Le Chang , Wenke Sun

a College of Geodesy and Geomatics, Shandong University of Science and Technology, Qingdao, 266590, China

b Key Laboratory of Computational Geodynamics, University of Chinese Academy of Sciences, Beijing,100049, China

Keywords:GMSL GRACE GRACE-FO Altimetry Argo

ABSTRACT Global mean sea level (GMSL) change is one of the important indicators of global climate change and is a crucial scientific issue of continuing interest. As satellite altimeter data, the Gravity Recovery and Climate Experiment (GRACE) and Argo continue to be updated, especially with the release of GRACE Follow-On (GRACE-FO) data, making it necessary to combine these latest data to estimate sea level change. Determinations on whether the GRACE and GRACE-FO observation systems provide unbiased global observation data have not been effectively evaluated. Therefore, this research mainly investigated the consistency of GRACE and GRACE-FO observation data in studying GMSL change. By comparing the sum of the GMSL calculated by the two gravity satellites and Argo data with the GMSL calculated by satellite altimeters, the discrepancy between GRACE-FO + Argo and satellite altimeter data is about 7.9 ± 2.3 mm, which is likely derived from the inconsistency between GRACE and GRACE-FO data.

1. Introduction

Sea level change is a direct reflection of global climate and environmental change. It is affected by both human activities and natural factors, but also exerts an important impact on human production and livelihoods. GMSL change can be divided into two forms: first, the change of seawater volume caused by the change of seawater temperature and salinity, of which the temperature is the main factor, known as steric sea level change; and second,seawater mass change caused by water exchange between land and ocean [1]. Over the past 50 years, an average of 93% of the excess heat in the climate system due to greenhouse gas emissions has been stored in the oceans, while the remaining 7% has warmed the atmosphere and land[2].Owing to continuous global warming, the heat content of the ocean is increasing, the volume of seawater is expanding, and the steric sea level is rising [3]. The massive loss of glaciers on land [4], along with the loss of ice sheets in Greenland and Antarctica have led to an increase in the mass of seawater and rising sea levels [5]. Since 1992, satellite altimetry has been able to accurately measure global sea level,and the change rate of GMSL has been determined to be approximately 3 mm/year [6,7]. Since the launch of the Gravity Recovery and Climate Experiment (GRACE) gravity satellites in 2002,changes in the mass of the global ocean have been accurately measured [8]. Argo floats have covered most parts of the ocean since 2005. These floats can regularly measure the temperature and salinity of seawater above 2000 m on a global scale,obtaining the data which can be used to calculate the steric sea level change[9]. With the increase of measurement methods, satellite altimetry,GRACE,and Argo have been used to examine and analyze sea level change [10-14]. The sum of the GMSL calculated by GRACE and Argo is in good agreement with the GMSL calculated by satellite altimetry.
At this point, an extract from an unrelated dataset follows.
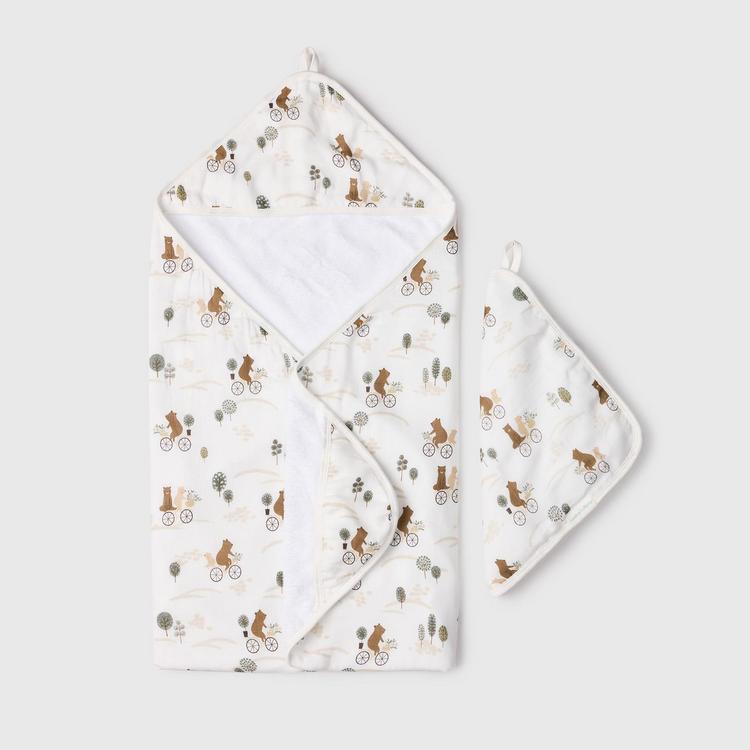 Our hooded towels have an ultra-absorbent and buttery-soft terry cloth backing, these towels are a comfy way to kick off your little one’s bedtime routine or use it at the beach or pool to keep their little bodies warm. The generously sized towel keeps heads and hands warm thanks to the hood and pockets, while the matching washcloth is gentle on the baby’s delicate skin.

Global sea level change is a dynamic nonlinear change phenomenon, which has exhibited an accelerating trend in recent years. Therefore, this marine characteristic requires constant observation and analysis, for scientists to grasp the main factors affecting sea level change and predict its future fluctuations more accurately. Since the successful launch of the GRACE-FO gravity satellites in 2018, about 3 years of observations have been made,although there is a gap of about one year between GRACE and GRACE-FO data. At present, some studies have interpolated this data gap with other auxiliary data to study the variation of terrestrial water reserves[15,16],and the mass change of polar ice sheets [17]. Currently, there are fewer studies combining GRACE and GRACE-FO data for GMSL change. Therefore, it is worthwhile to make sure whether the observation systems of GRACE and GRACE-FO are consistent and can be jointly utilized to investigate GMSL change. In this study, we examined and discussed the consistency of GRACE and GRACE-FO observations in studying GMSL changes by comparing the sea level changes calculated by the two gravity satellite systems,and Argo data with the sea level changes calculated by satellite altimeters. We found some differences between them, which were also reported by Chen et al. [18].

2. Data and methods

2.1. Altimetry data

The global mean sea level data was provided by 5 institutes:

1. Archiving, Validation and Interpretation of Satellite Oceanographic (AVISO).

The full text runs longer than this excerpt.